The government has also indicated that they are prepared to extend the HFA’s borrowing limit by anywhere between €2.5billion-6.5billion to €6-10billion from its’ present €3.5billion to fund this and the Affordable Housing scheme. This scale of funding will make the Government of Ireland the single largest provider of new commercial residential mortgages (as distinct from refinancing mortgages) in the Irish market over the coming years as at a time that commercial providers are retrenching and replenishing their capital base.
HOUSING FINANCE AGENCY BLOCK EXEMPTION N89/2004
Under the terms of its state aid block exemption (State Aid N89/2004 – Ireland) the HFA is generally permitted to provide home loans to “disadvantaged households” in need of “social housing” in order to fulfil public policy objectives. However, the proposed HomeChoiceLoan scheme does not constitute ‘social housing’ for ‘disadvantaged households’. The proposed mortgage scheme contains conditions that specify a MINIMUM income requirement of €40,000 pa (compared to an average industrial wage nationally of circa €34,000), however, there is no maximum level of income in order to be excluded from the proposed scheme. This is in stark contrast to the existing Local Authority Mortgage Scheme which specifies a MAXIMUM income of €36,800 for a single person, and €92,000 for a couple subject to a maximum of 2.5 times the main earners salary and once the secondary earners.
At its upper mortgage limit of a €285,000 a mortgagor would require a gross income of circa €85,000 to qualify on the maximum repayment of 35% of net income requirement (5.4% 30 year mortgage = €1600/month less tax relief plus stress testing) as specified under N89/2004. A gross income of €85,000 pa is the equivalent of circa 2.5times the average industrial wage. For comparative purposes a member of Dail Eireann (the Irish Parliament) receives a salary of circa €100,000 pa.
Accordingly, under the terms of this scheme, and that of the N89/2004 block exemption. a household headed by a member of Dail Eireann would have to be considered as a ‘disadvantaged household’ in ‘social housing’ need in order to avail of this scheme under the existing N89/2004 state aid block exemption.

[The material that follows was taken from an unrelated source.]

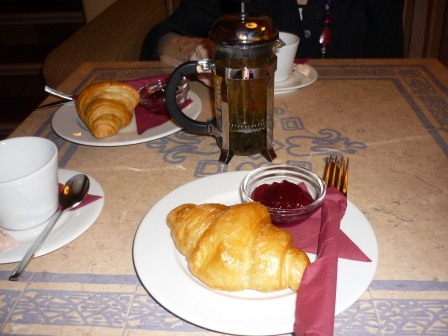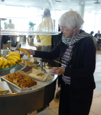 Back at the boat, we had our first served lunch rather than the buffet – delicious salad, beautifully served – irresistible desserts. Back in our spacious suite, Mom napped while I struggled to send a simple email – it seems Hotmail is technically challenged in exotic locales.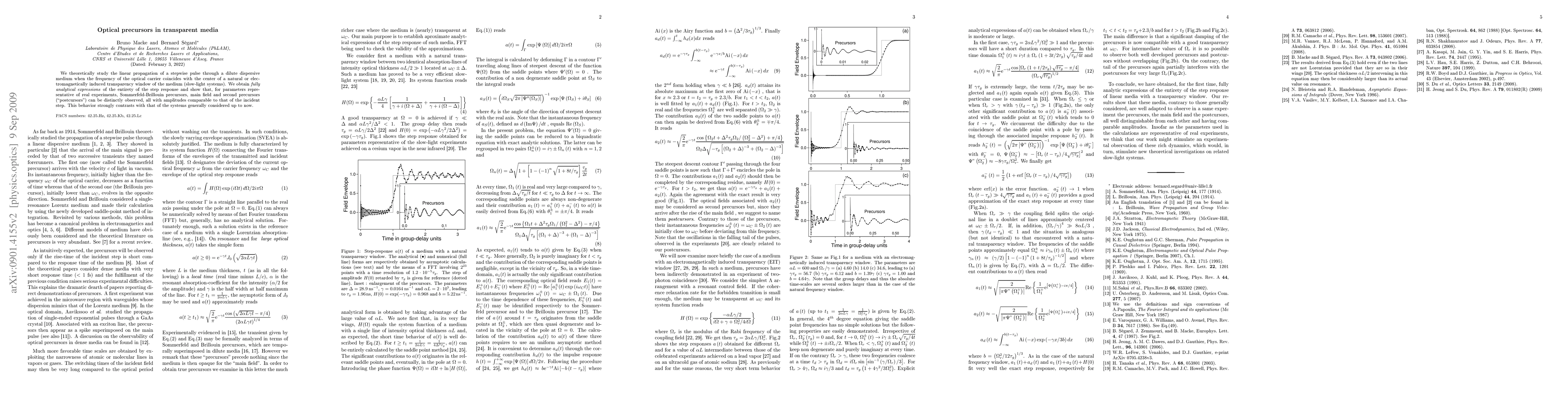 We theoretically study the linear propagation of a stepwise pulse through a dilute dispersive medium when the frequency of the optical carrier coincides with the center of a natural or electromagnetically induced transparency window of the medium (slow-light systems). We obtain fully analytical expressions of the entirety of the step response and show that, for parameters representative of real experiments, Sommerfeld-Brillouin precursors, main field and second precursors "postcursors" can be distinctly observed, all with amplitudes comparable to that of the incident step. This behavior strongly contrasts with that of the systems generally considered up to now.

Clearly, by any definition this is an unsustainable contention in accordance with state aid regulations, and accordingly, this scheme cannot be considered to come under the scope of the HFA state aid block exemption N89/2004. Also, if a Member State fails to give notification of aid that does not qualify for an exemption of the notification procedure under one of the block-exemption regulations, or the de minimus regulation, and which does not come within the scope an existing aid scheme which has been approved by the Commission, the aid must be disqualified as unqualified aid.
For the reasons set out above, it is submitted that the proposed measures must be considered to be unqualified aid and therefore must be disqualified under Article 87 (1) (2) of the EC Treaty.